В тот памятный год, когда в тундре произошла катастрофа и Петр Константинович потерял руку, он впервые задумался о своем личном житье-бытье. Горько вдруг стало человеку бродить бобылем по белу свету, потянуло на огонек домашнего очага. Да так потянуло, что хоть караул кричи! Куда ни пойдет Петр Константинович, куда ни поедет — везде его окружает одиночество, везде непонятная тоска по человеческому теплу, такому теплу, чтобы его чувствовал только он, чтобы оно согревало только его. Даже в окружении друзей, с которыми ему всегда было легко и просто, Смайдов теперь постоянно чувствовал потребность чего-то совсем другого, в чем он раньше не особенно нуждался… Ему были нужны не просто друзья — их-то у него всегда хватало! Ему нужен был один, особенный друг, с которым он делил бы и горькое, и сладкое.
Как-то, встретившись со своим давним приятелем, летчиком-истребителем Колькой Годиным (Годину было уже за тридцать, Смайдову — около тридцати, но если они и постарели, то не друг для друга! Колька Годин всегда останется Колькой Годиным, а Петьку Смайдова до седых волос ни один из тех пилотяг, с которыми он вместе гулял в голубом поднебесье, не назовет Петром Константиновичем!), Смайдов пригласил его к себе домой.
— Что-нибудь будет? — спросил Годин.
— Ты насчет чего? — не сразу понял Петр Константинович.
— Понимаешь, никак не могу отвыкнуть от фронтовой привычки: ни вина, ни водки не употребляю. Не идет!
— Только «девичьи слезы»?
— Глоточек, но чистого. Иначе душу воротит.
— Слезы нет, — признался Петр Константинович. — Особенно девичьей.
— Сейчас будет. Аптека далеко?
Кто мог переделать Кольку Година? Во время войны, когда из-за непогоды эскадрилья стояла на приколе, он мог достать столько «девичьих слез», сколько нужно было для «настроения» всей эскадрильи. Любую дрянь он перегонял в чистый спирт, и когда командир эскадрильи говорил: «Почему-то лейтенанту Годину не тяжело носить противогаз, а вам всем не под силу», Колька скромно отвечал: «Мой папа с детства приучил к дисциплине, товарищ комэск. К настоящей внутренней дисциплине…» Однако все летчики знали, для чего ему нужен противогаз: Колька усовершенствовал в нем фильтровое приспособление, и гидросмесь, слитая с ножек шасси и процеженная через усовершенствованные фильтры, становилась теми чистыми «девичьими слезами», крепость которых достигала девяноста градусов. Колька Годин философствовал: «Выпьешь такого божественного напитка — и становишься лучше…»
Они подошли к аптеке, Колька сказал:
— Зная твою неприязнь даже к безобидной трепне, с собой не приглашаю. Жди.

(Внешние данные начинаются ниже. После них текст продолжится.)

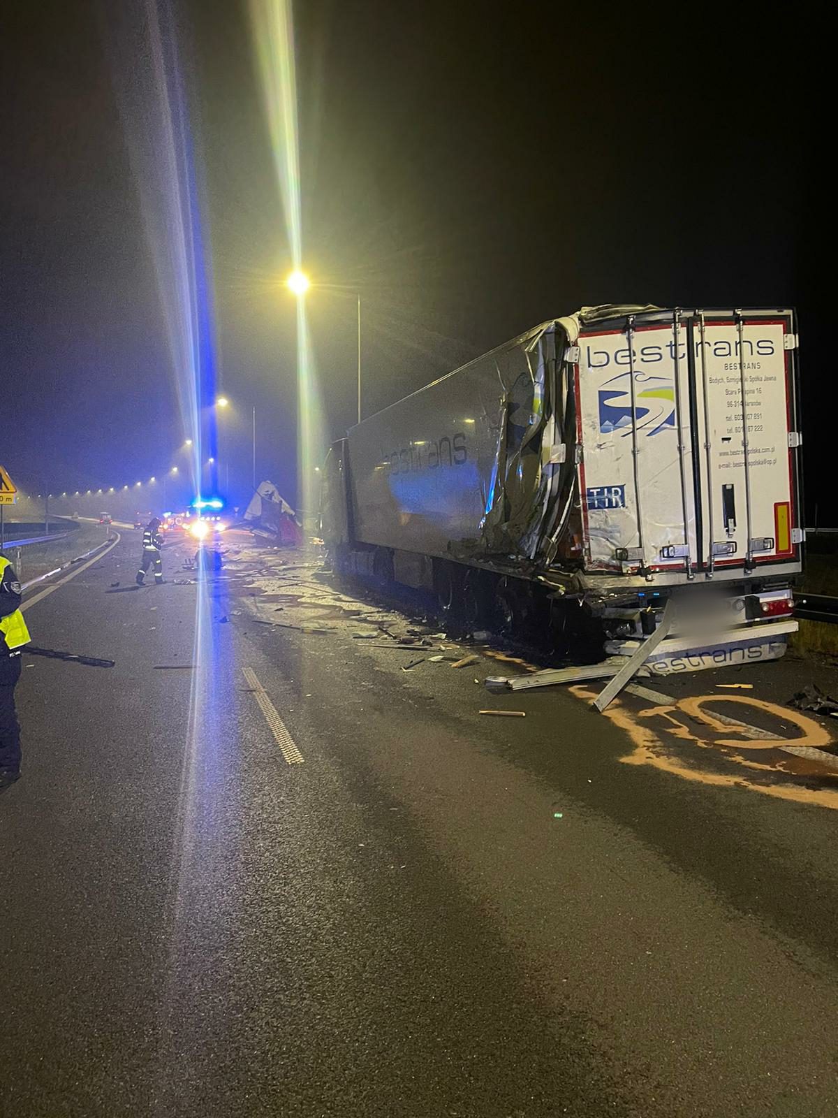 Dwie ciężarówki zderzyły się na drodze ekspresowej S5 w powiecie kościańskim.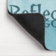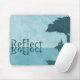 Ein grün-blau strukturierter zeichn mit der Silhouette eines Mannes, der unter einem Baum sitzt, durch einen Teich, der darüber nachdenkt. Das Wort "Reflektieren" Erholungen auf der Seeoberfläche, Text und Schatten, die sich im vollkommen stillen Wasser widerspiegeln.

Поправил форменную фуражку, смахнул невидимые соринки с подполковничьих погонов и скрылся в дверях. А через десяток минут вернулся с завернутой в газету бутылкой. Сказал, глазами показывая на сверток:
— Да сам президент Франции не пил ничего подобного. Пошли.
И вот они сидят за столом в неуютной холостяцкой квартире Смайдова, «по маленькой» пьют неразбавленный спирт, закусывают какими-то рыбными консервами и говорят, говорят.
— Хорошо, сказано… — Годин поднимает рюмку и смотрит на нее своими честными, добрыми глазами. — Хорошо сказано: «Бойцы вспоминают минувшие дни и небо, где вместе рубились они…» Здорово!
— Немножко не так, — поправляет Смайдов. — Насчет неба ты…
— Знаю. И черт с ним. Уверен в одном: был бы жив сейчас Александр Сергеевич, он выдал бы про нас с тобой такую поэмищу, что мир ахнул бы… Мы этого не заслужили?
— Заслужили, — соглашается Смайдов. — И не только мы с тобой.
— Чудак. Когда говорю «мы», это не значит — ты и я. — Он встал, подошел к стене, на которой висела большая фотография всех летчиков их полка перед отправкой на фронт. — Тут нас чуть ли не сотня. А сколько осталось?.. Я говорю обо всех. Потому что мы с тобой — это и те, которых уже нету. Одно. Ясно тебе?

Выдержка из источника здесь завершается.